Every year it gets worse.....Every year the kids come with more behavioral problems and less involvement by parents. Every year more of the responsibility of raising kids and parenting kids in falling on the teachers' shoulders. Not only are we having to teach kids the basic lessons that should be taught at home and are actually much easier for parents to teach but we are getting less funding and bigger and bigger classes. This year I have 12 different classes and most of them are at about 36 students. I have to counsel students on dealing with fights with friends, how to speak nicely to adults, how to share, how to sharpen a pencil, how to stay strong during the hard times, how to find someone to talk to, how to make friends, hearing about ANOTHER DIVORCE and the kids whose whole world is falling apart because of it and it is breaking their spirit and will, and none of this is my actually curriculum of history. No wonder we have so many problems in society. So much crime, graffiti, gangs, teenage pregnancies, etc.... As amazing as all the teachers I know are we cannot do everything for our students ESPECIALLY without parents.

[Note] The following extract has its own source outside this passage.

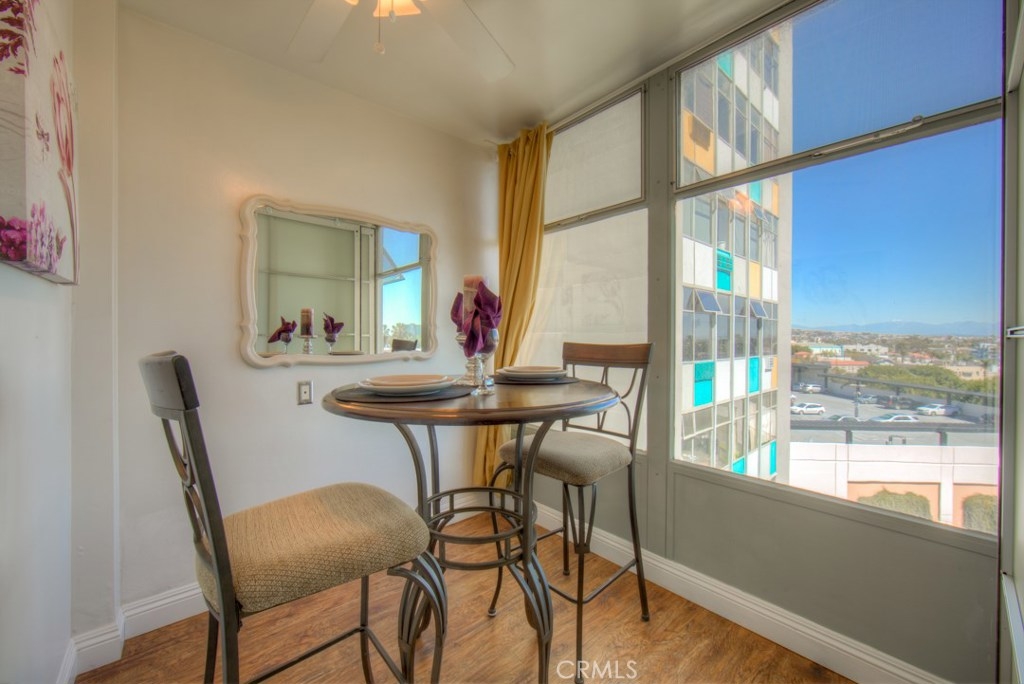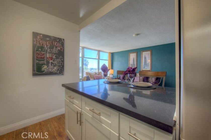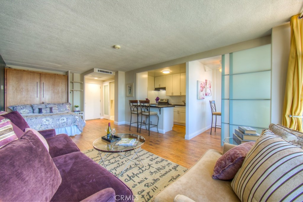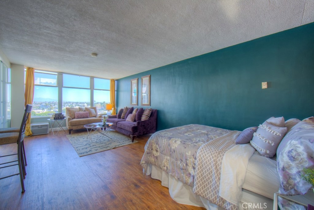 This remodeled studio is perched on the 6th floor and has expansive city views and beautiful city lights at night from wall-to-wall windows. Fresh paint, laundry hookups, air conditioner, wood laminate, newer designer shower doors, high rainfall shower head, upgraded lighting, stainless steel refrigerator, granite countertops and loads of closets really showcase a fantastic use of space. In the bedroom area is very nice Murphy bed and just outside the bath is wardrobe space, laundry hookups and built in cabinetry. There is a separate area for dining that could also be used as a home office space or computer room. The Royal Palms boasts a sparkling swimming pool and your pet is certainly welcomed (size restrictions apply). Very reasonable HOA dues of only $264 pay for your water, hot water, heat, trash, sewage, onsite management, building insurance, landscaping, nightly security patrol and onsite management! The WalkScore is 96 - just outside your door is home to some of the best cafes, coffee shops, bakeries, grocery, art galleries, the beach, Long Beach Bike Share, Cider house, Wine District, Thai District for you to explore, entertain guests and enjoy. Parking is assigned via the HOA and is a waiting list. In the meantime, monthly parking permits are available in lots that surround the building and range from $45-$140 monthly. Welcome home to 100 Atlantic Avenue #611, we're sure you'll love it here.
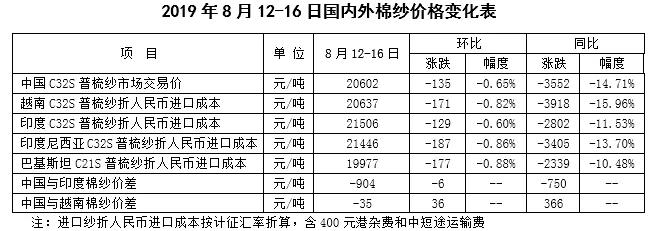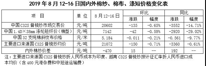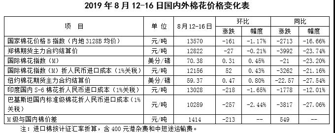 本周,針對美國宣布將對約3000億美元自華進口商品加征10%關稅,中方表示將不得不采取必要的反制措施,市場悲觀情緒再度加劇,國內棉價繼續(xù)下跌。2019年8月12-16日,代表內地標準級皮棉銷售價格的國家棉花價格B指數(shù)13570元/噸,較上周下跌161元/噸,跌幅1.17%;鄭州棉花期貨主力合約結算均價12822元/噸,較上周下跌27元/噸,跌幅0.21%;儲備棉輪出成交均價11960元/噸,較上周下跌60元/噸,跌幅0.50%

Wednesday, November 9, 2011

Music Sums it up

Like always a song has said everything I hope is true in my life. I heard it tonight on the CMA awards and it is just...sooooo gooood. I haven't gotten to the bit stronger part but I hope I may finally be on the right path to healing. So here it is -

And I'm done hoping that we could work it out
I'm done with how it feels, spinning my wheels
Letting you drag my heart around
And, oh, I'm done thinking that you could ever change

I know my heart will never be the same
But I'm telling myself I'll be okay
Even on my weakest days
I get a little bit stronger

Sunday, October 9, 2011

Feel more like crying than laughing

Some people never realize what a treasure they have sitting right in front of them. I am so sick of people not realizing how valuable I am!!! They turn to me for everything but they never really understand how important that is. So I am done. I am walking away. This heart of mine is not strong enough to take this anymore.

Saturday, October 1, 2011

No One

No one gets me
No one sees me
No one loves me
No one helps me
No one understands me
BUT YOU


No one hurts me
No one passes over me
No one ignores me
No one takes me for granted
No one forgets me
LIKE YOU

You are the BEST
And the WORST
Thing in my life

Sunday, September 4, 2011

Funny Students!!!!

So my students are so funny. This week before school started so like 7:30 in the morning I was sitting at my desk working. And then all the sudden at TWIX dropped on my keyboard. I was shocked and jumped and then saw one of my students and I started laughing. Then another is dropped by a different student. Now I was laughing even harder at my students and all the sudden a third TWIX is dropped. My old seventh graders (now eighth graders) just wanted to show there love for me and thought it would be funny to drop TWIXs one by one. And it made me laugh to hear and watch them and also it made me happy to know they still loved me and I love that.